Also, although the disclosure has been shown and described with respect to one or more implementations, equivalent alterations and modifications will occur to others skilled in the art based upon a reading and understanding of this specification and the annexed drawings. The disclosure includes all such modifications and alterations and is limited only by the scope of the following claims. In particular regard to the various functions performed by the above described components (e.g., elements, resources, etc.), the terms used to describe such components are intended to correspond, unless otherwise indicated, to any component which performs the specified function of the described component (e.g., that is functionally equivalent), even though not structurally equivalent to the disclosed structure which performs the function in the herein illustrated exemplary implementations of the disclosure.

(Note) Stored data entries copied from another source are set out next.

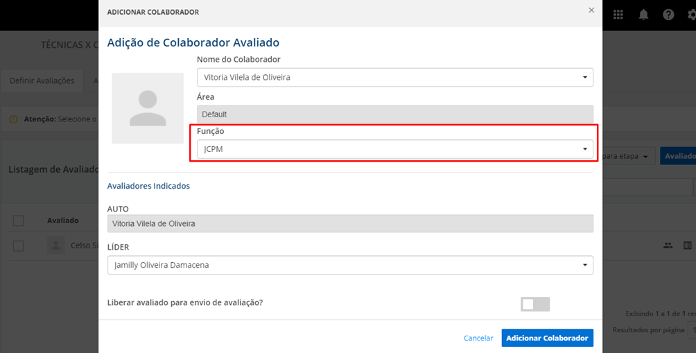 - A Vitoria foi incluída no ciclo com a Função “JCPM” (conforme imagem abaixo). No entanto, identificamos que, na verdade, ela deveria ser avaliada pela Função/ Formulário “Superv”. Suponhamos que tenham vários outros colaboradores nesse mesmo caso e preciso fazer essa alteração via carga de dados para corrigir todos os outros.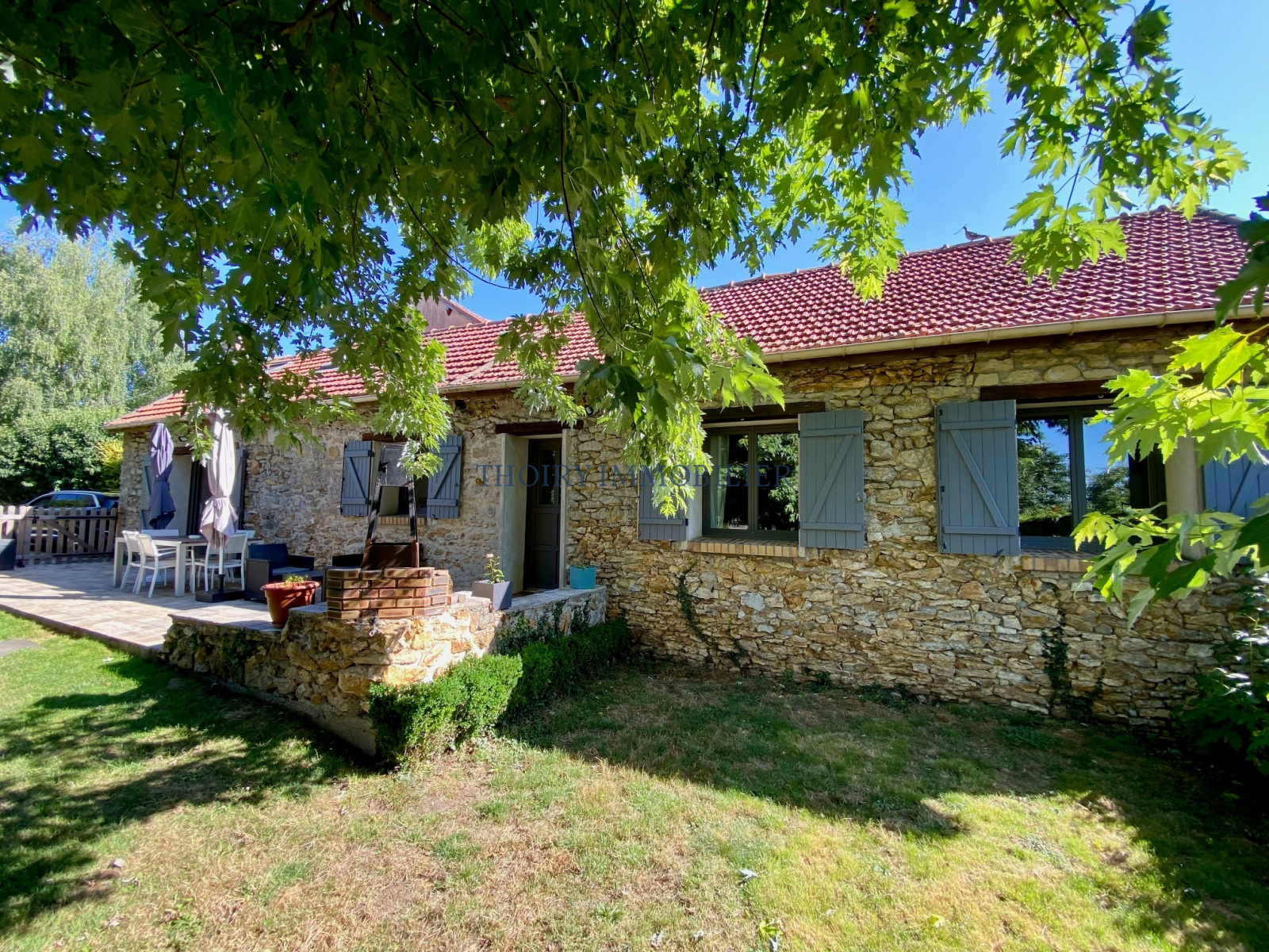 Charmante longère en pierres apparentes comprenant au rez de chaussée: Entrée, très beau séjour cathédrale avec poêle à bois, cuisine u.s aménagée et équipée, dégagement avec placard, 3 chambres, salle de bains avec baignoire et douche, wc séparé, buanderie/ cellier.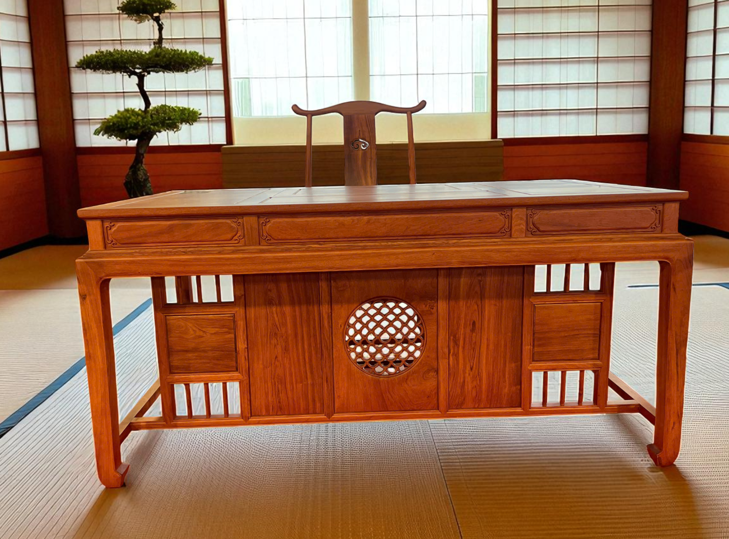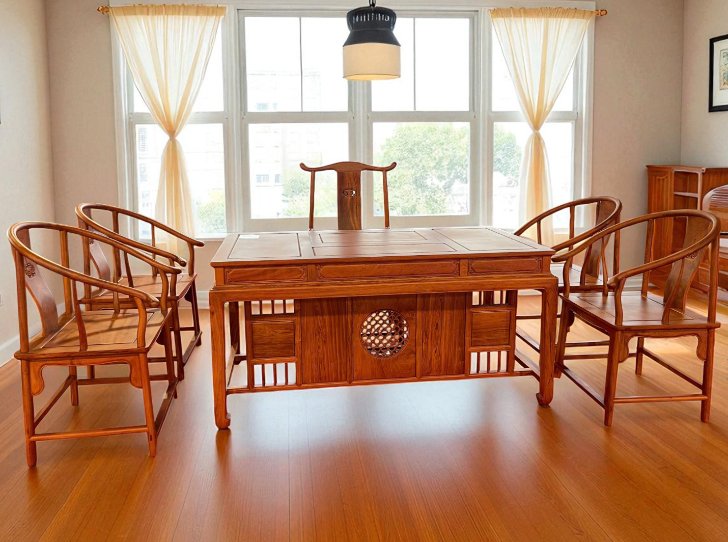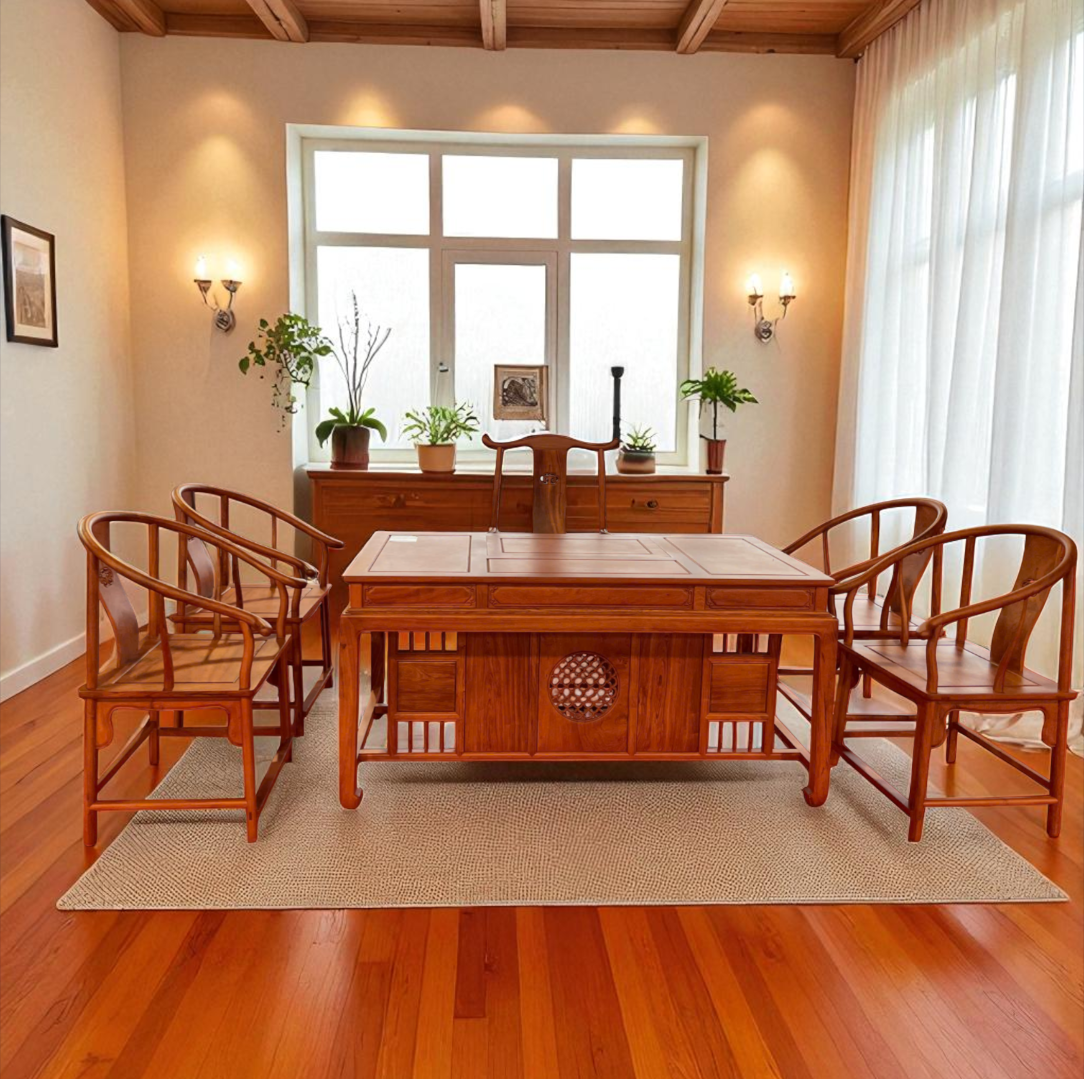 Bộ sản phẩm gồm 1 bàn, 1 ghế chủ, 4 ghế phụ, phù hợp cho không gian tiếp khách hoặc thưởng trà tinh tế.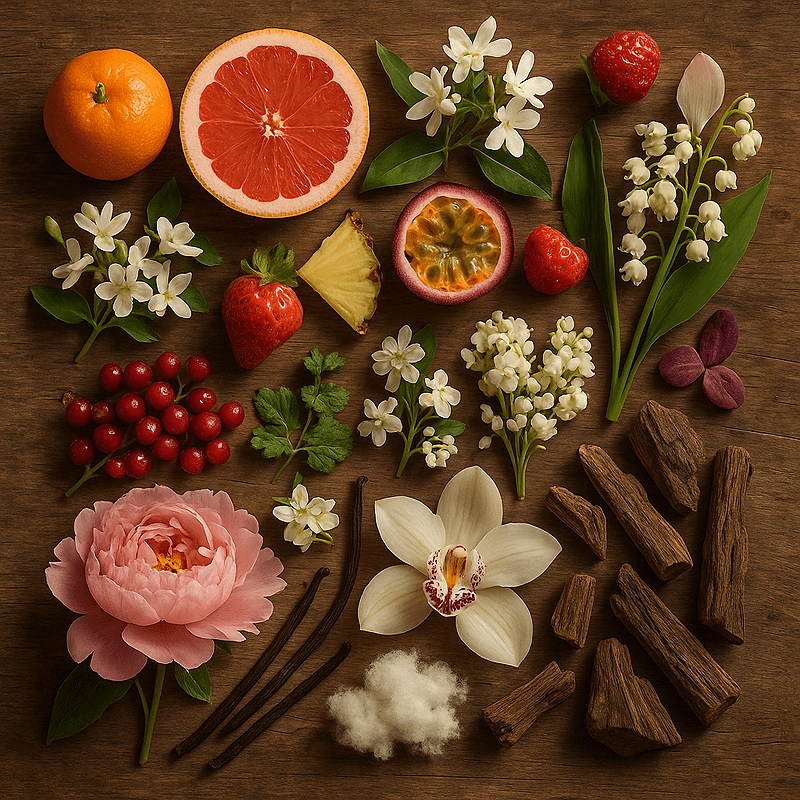 - Κορυφαίες νότες μανταρίνι, γκρέιπ φρουτ, ανανάς, φράουλα και φρούτο του πάθους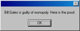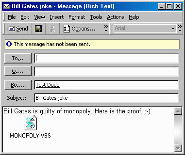 Subject: Bill Gates joke Body: Bill Gates is guilty of monopoly. Here is the proof. :-) Attachment: MONOPOLY.VBS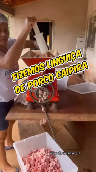 Linguiça de porco caipira caseira Ingredientes 6 kg de carne de porco 1kg e meio de toicinho 6 dentes de alho Cebola de cabeça Cebolinha verde Pimenta a gosto Sal a gosto Tripa de porco limpa Pode ser comprada ou utiliza a própria tripa do porco fica critério de cada um !
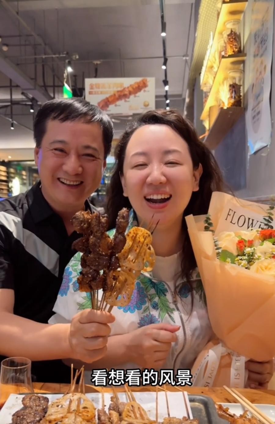 晒完儿女,关凌不忘与制片人老公秀恩爱。关凌镜头下,身为老夫老妻的两个人同吃一个冰激凌,一看感情就很好。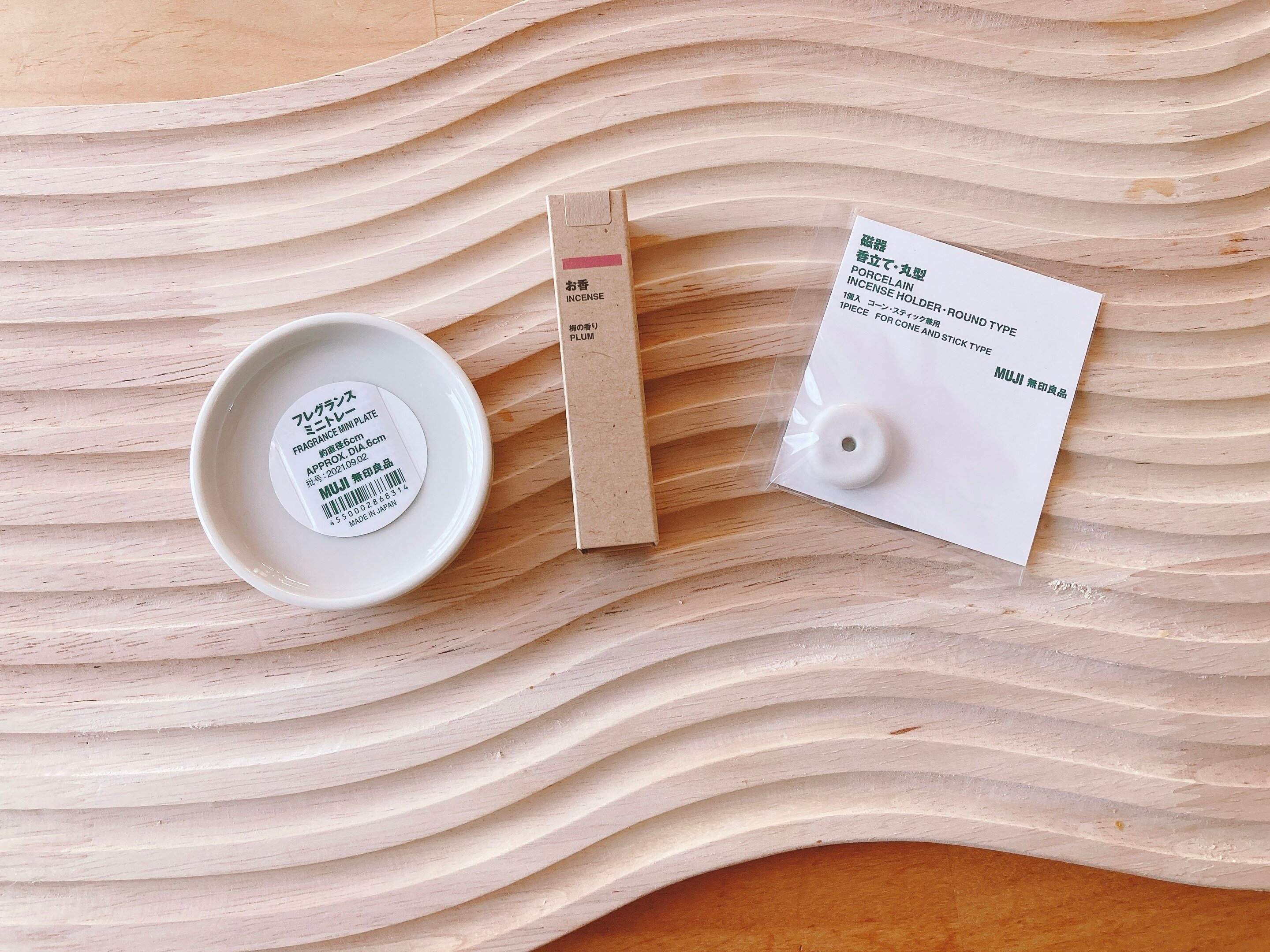 無印良品で購入したお香立ては190円、トレーは390円、お香は12本入りで390円なので気軽に始められる「ぜいたく」時間です。

In addition, while a particular feature of the disclosure may have been disclosed with respect to only one of several implementations, such feature may be combined with one or more other features of the other implementations as may be desired and advantageous for any given or particular application. Furthermore, to the extent that the terms “includes”, “having”, “has”, “with”, or variants thereof are used in either the detailed description or the claims, such terms are intended to be inclusive in a manner similar to the term “comprising.”

Claims

1. A method of identifying actions available for at least one document on a device having a processor, the method comprising:

executing on the processor instructions configured to: for respective documents: identify a document category of the document; identify at least one menu in the document; for respective menus, identify at least one option; and for respective options, assign an option score to the option; and for respective document categories, identify as actions the options having high option scores among the documents of the document category.

2. The method of claim 1:

the device having a document classifier configured to identify document categories of respective documents; and
identifying the document category of a document comprising: invoking the document classifier to identify the document category of the document.

3. The method of claim 1, the documents comprising web pages respectively published by a website associated with a website category.

4. The method of claim 3, the instructions configured to:

retrieve web pages from respective websites; and
for respective web pages of a website: identify links to linked web pages within the website, and retrieve the linked web pages of the website.

5. The method of claim 3:

the device having access to a website directory identifying website categories for respective website; and
identifying a website category of a website comprising: identifying the website category associated with the website in the website directory.

6. The method of claim 1, assigning an option score to an option comprising:

identifying a part-of-speech feature of the option;
identifying at least one statistical feature of the option; and
assigning an option score to the option based on a part-of-speech feature score based on the part-of-speech feature and a statistical feature score based on the statistical feature.

7. The method of claim 6, assigning an option score to an option comprising:

assigning an option score to the option;
assigning a menu score to menu based on the option scores of the options of the menu;
assigning a document score to the document based on the menu scores of the menus of the document; and
updating the option score based on the document score of the document containing the option.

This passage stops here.